[Excerpted records]
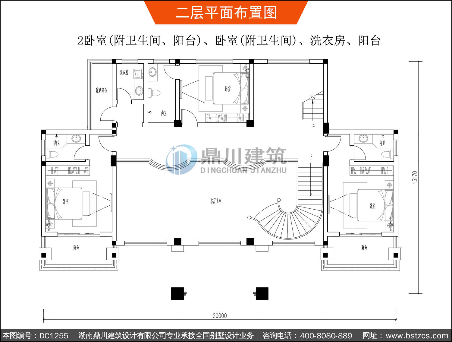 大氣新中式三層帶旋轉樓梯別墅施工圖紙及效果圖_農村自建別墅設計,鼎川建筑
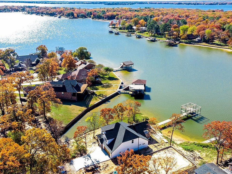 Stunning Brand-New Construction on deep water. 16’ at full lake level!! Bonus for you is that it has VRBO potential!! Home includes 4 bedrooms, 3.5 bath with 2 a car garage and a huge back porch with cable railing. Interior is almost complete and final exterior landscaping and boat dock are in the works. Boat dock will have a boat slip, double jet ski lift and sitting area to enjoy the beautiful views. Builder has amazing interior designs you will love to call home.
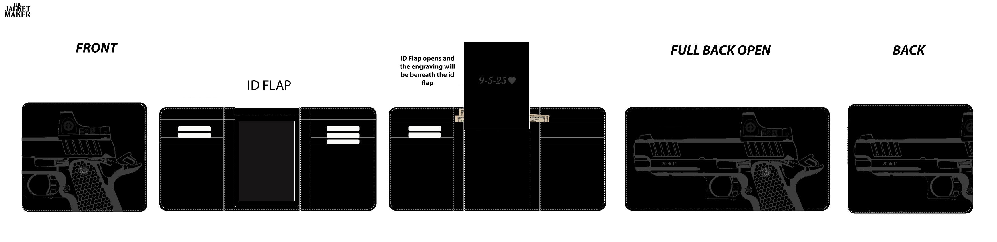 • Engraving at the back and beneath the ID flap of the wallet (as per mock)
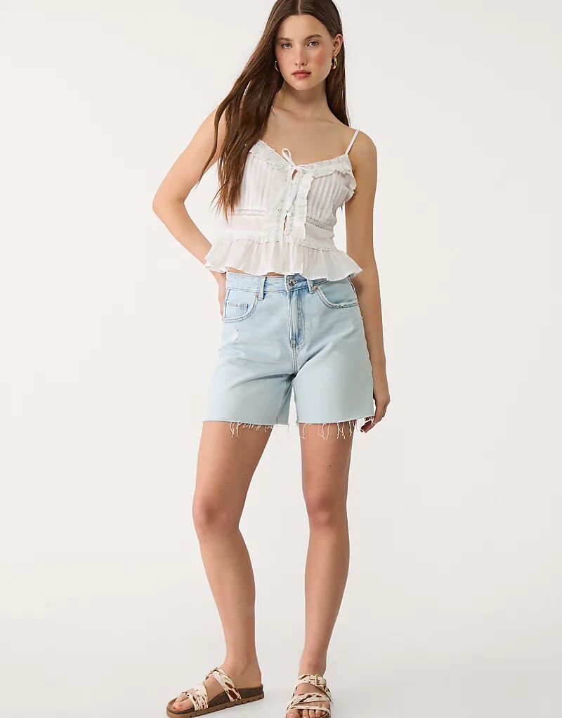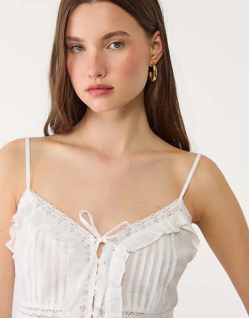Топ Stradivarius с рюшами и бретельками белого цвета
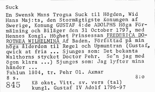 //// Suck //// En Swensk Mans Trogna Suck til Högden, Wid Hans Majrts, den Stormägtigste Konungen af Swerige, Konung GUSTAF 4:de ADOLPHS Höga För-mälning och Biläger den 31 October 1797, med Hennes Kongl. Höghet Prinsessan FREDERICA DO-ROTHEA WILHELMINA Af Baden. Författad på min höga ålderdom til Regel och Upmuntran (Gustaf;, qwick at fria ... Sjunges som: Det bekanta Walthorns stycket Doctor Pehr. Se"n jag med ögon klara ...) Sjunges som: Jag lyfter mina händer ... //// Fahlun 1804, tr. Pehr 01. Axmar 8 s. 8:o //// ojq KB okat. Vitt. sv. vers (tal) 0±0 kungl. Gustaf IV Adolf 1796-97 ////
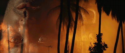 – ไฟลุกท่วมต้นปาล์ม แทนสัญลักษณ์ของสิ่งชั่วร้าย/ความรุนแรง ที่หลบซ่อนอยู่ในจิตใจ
[/Excerpted records]
[Excerpted records]
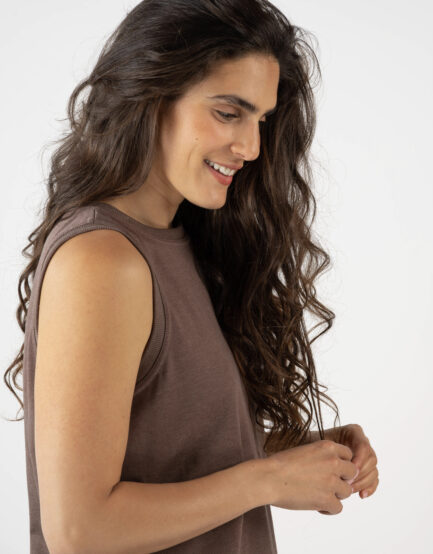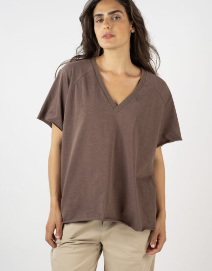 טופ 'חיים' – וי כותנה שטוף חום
[/Excerpted records]
Exercise
With the pictures omitted, copy exactly the lines of the listing above starting at the line containing "大氣新中式三層帶旋轉樓梯別墅施工圖紙及效果圖_農村自建別墅設計,鼎川建筑" and ending at the line containing "wallet (as per mock)", both included.

Output of the task
 大氣新中式三層帶旋轉樓梯別墅施工圖紙及效果圖_農村自建別墅設計,鼎川建筑
 Stunning Brand-New Construction on deep water. 16’ at full lake level!! Bonus for you is that it has VRBO potential!! Home includes 4 bedrooms, 3.5 bath with 2 a car garage and a huge back porch with cable railing. Interior is almost complete and final exterior landscaping and boat dock are in the works. Boat dock will have a boat slip, double jet ski lift and sitting area to enjoy the beautiful views. Builder has amazing interior designs you will love to call home.
 • Engraving at the back and beneath the ID flap of the wallet (as per mock)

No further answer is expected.